> _ACTIVITY_: Before writing anything, find the line that contains "einer entspannenden Sauna.", then retype the entries below exactly from their first line through that one, without pictures.

> _THE INPUT_:
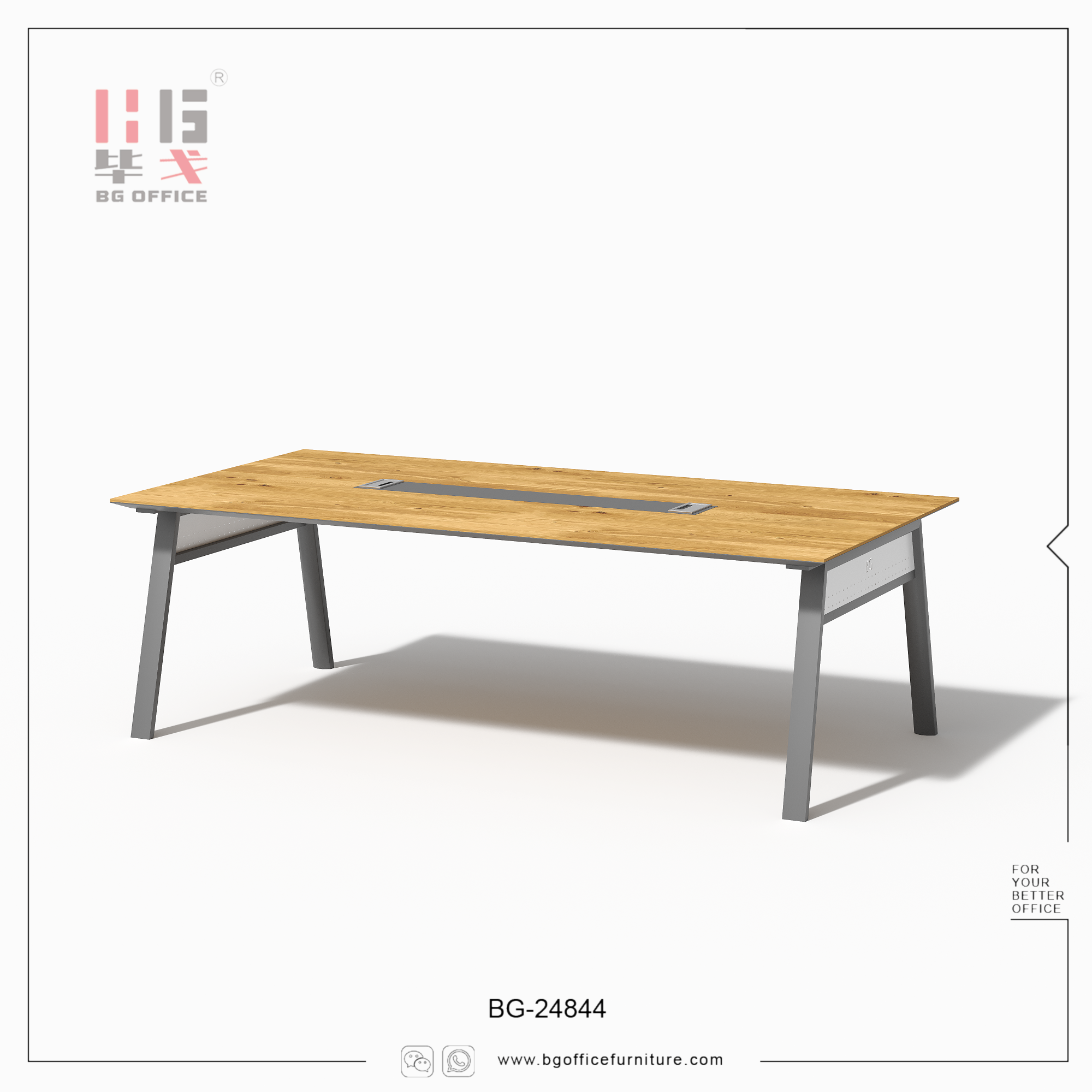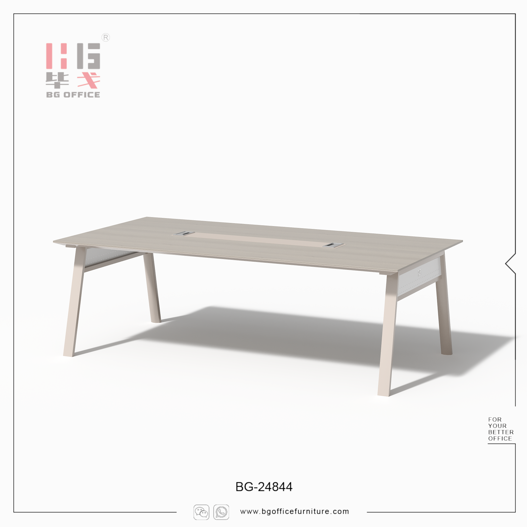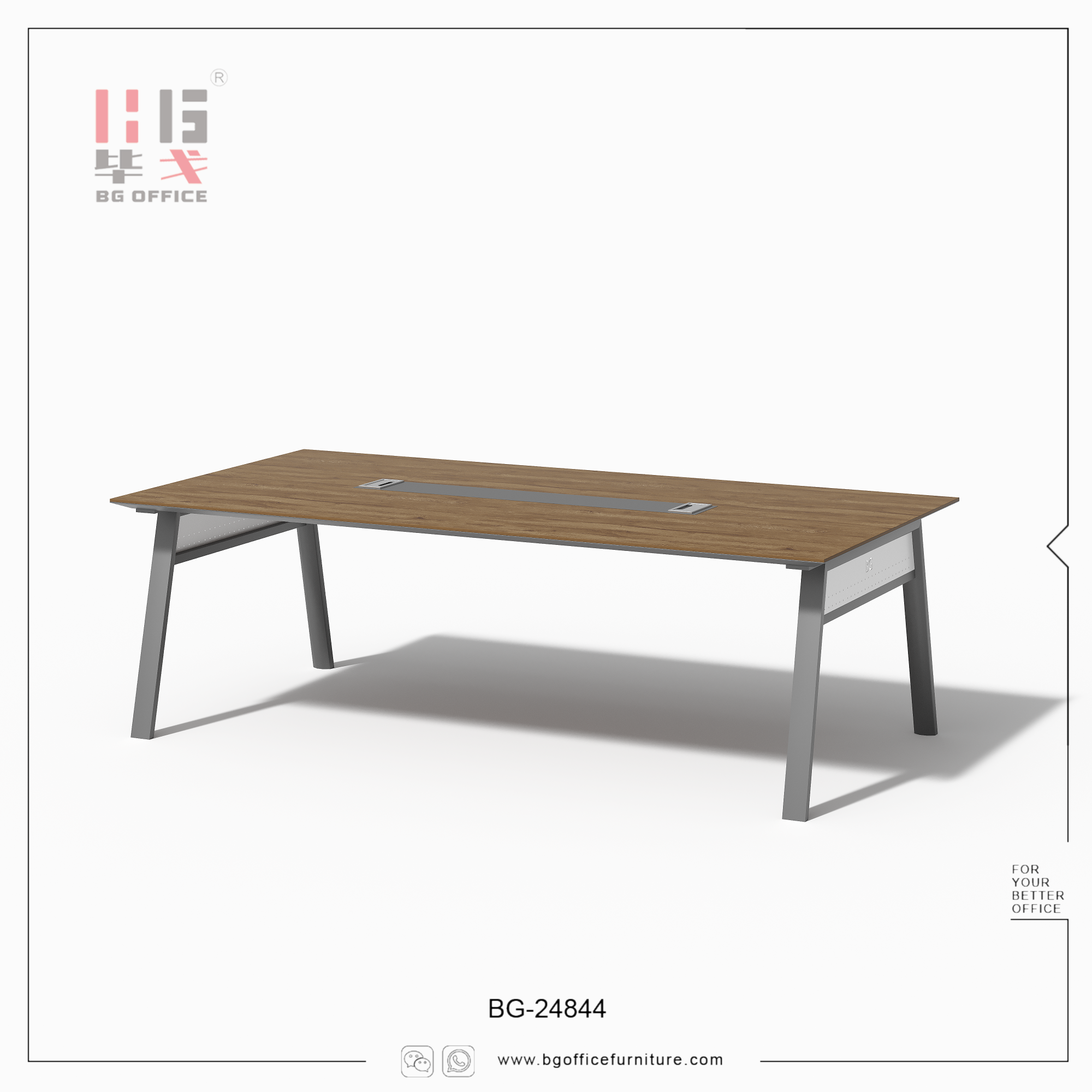 Introducing our modern-style conference table. This conference table is crafted from E0-grade melamine-faced board, offering both excellent safety and an aesthetically pleasing design. If you're aiming to create a modern-styled conference room, this table is a superb choice.
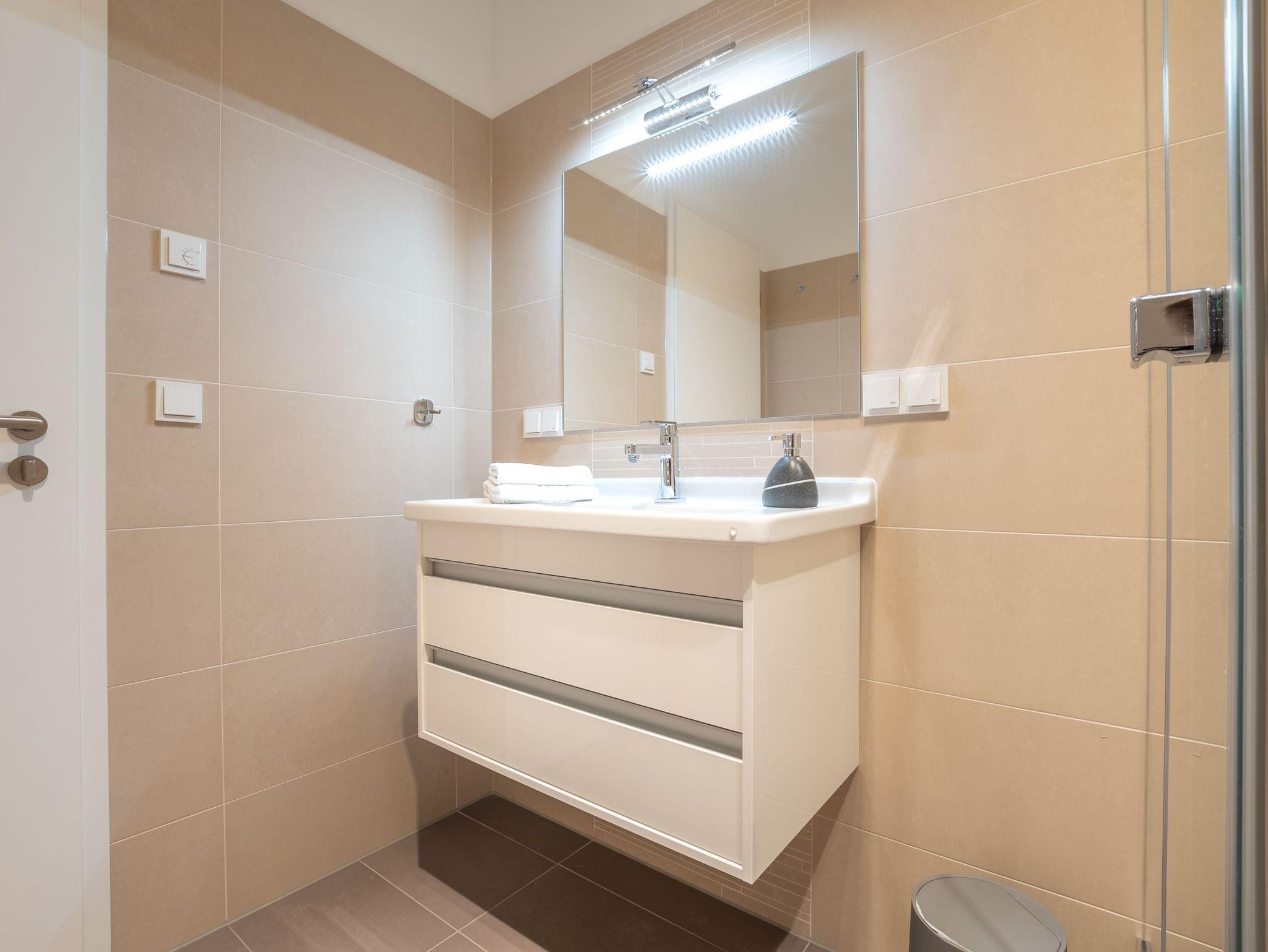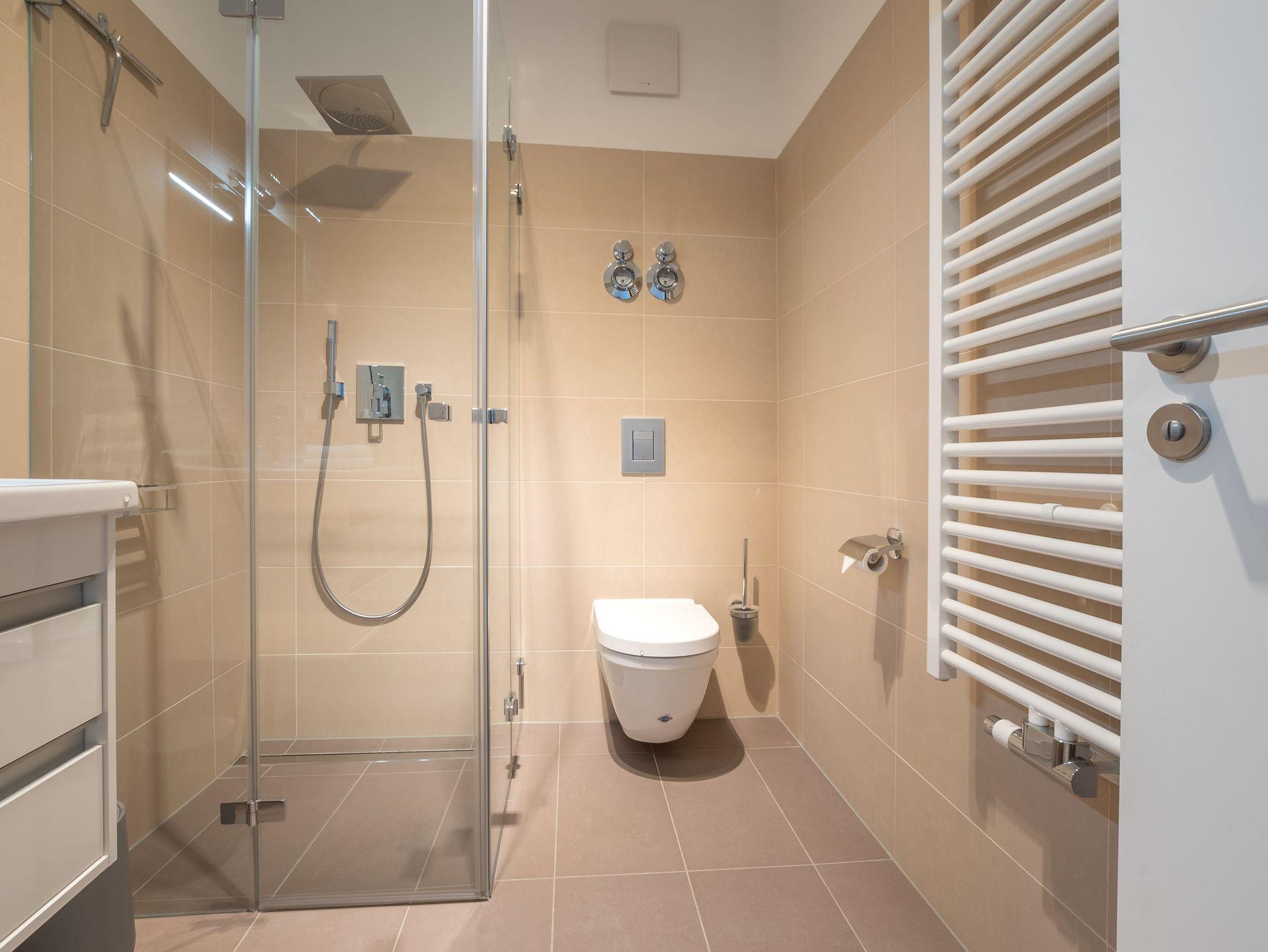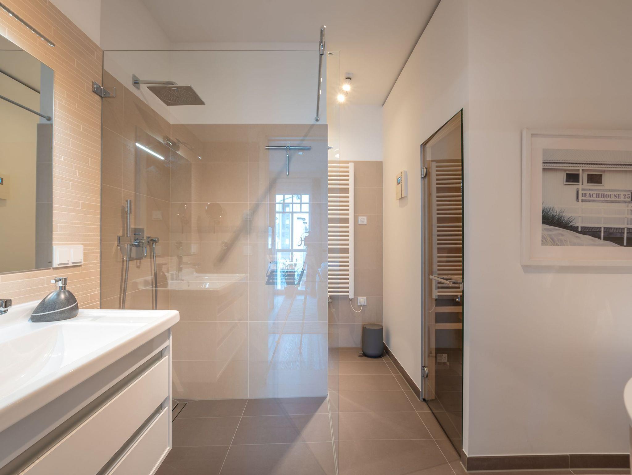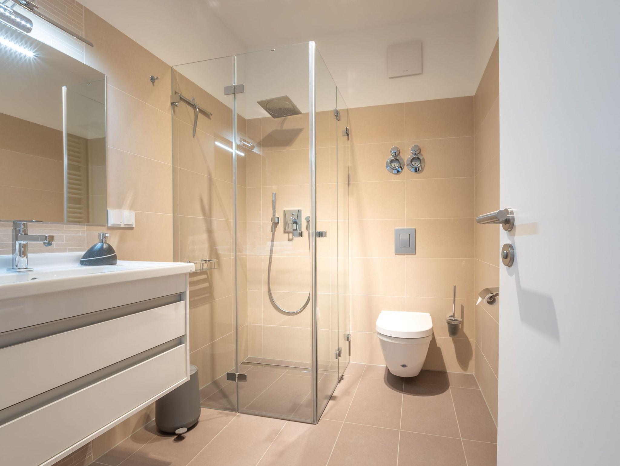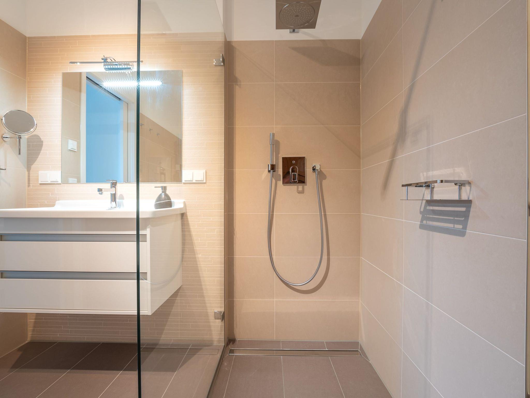 • Zwei moderne Badezimmer, eines mit Dusche und WC, das andere mit einer großzügigen Eckbadewanne, WC und einer entspannenden Sauna.
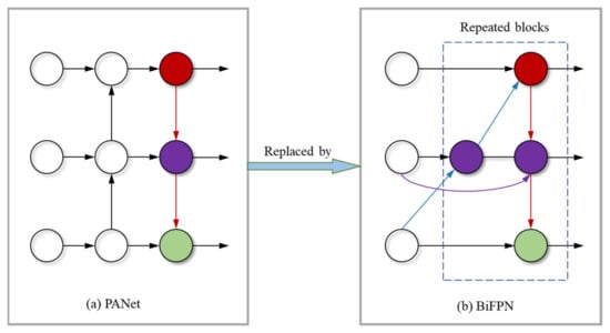 Using BiFPN instead of PANet to improve the feature fusion network. The colored circles represent features at different scales. (a) PANet adopts bottom-up and top-down paths to fuse multi-scale features; (b) BiFPN uses the strategy of bottom-up and top-down bidirectional feature fusion.
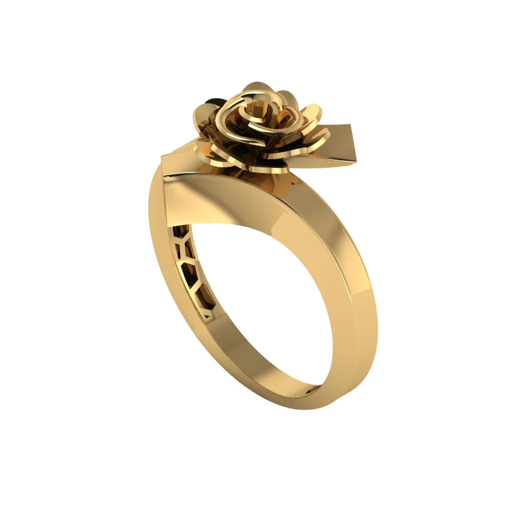 Кольцо с миниатюрной розой на вершине: цветок выполнен объёмно и читается как главный акцент, а гладкая шинка и полировка золота сохраняют чистый, романтичный характер украшения.
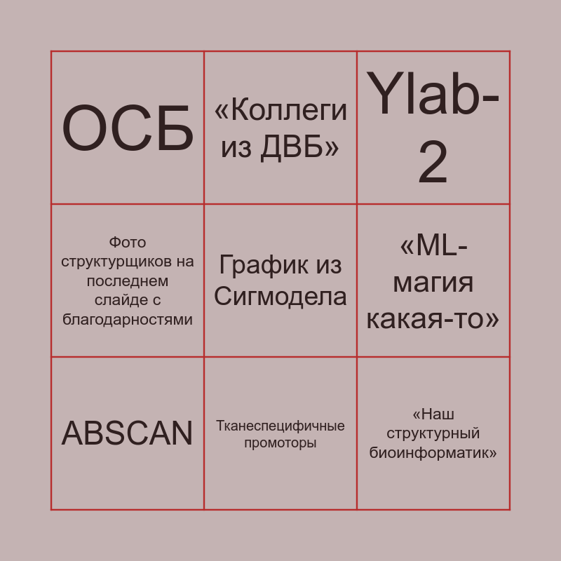 This bingo card has 9 words: ABSCAN, Ylab-2, «Коллеги из ДВБ», Фото структурщиков на последнем слайде с благодарностями, ОСБ, «ML-магия какая-то», График из Сигмодела, «Наш структурный биоинформатик» and Тканеспецифичные промоторы.

> _EXPECTED ANSWER_:
 Introducing our modern-style conference table. This conference table is crafted from E0-grade melamine-faced board, offering both excellent safety and an aesthetically pleasing design. If you're aiming to create a modern-styled conference room, this table is a superb choice.
 • Zwei moderne Badezimmer, eines mit Dusche und WC, das andere mit einer großzügigen Eckbadewanne, WC und einer entspannenden Sauna.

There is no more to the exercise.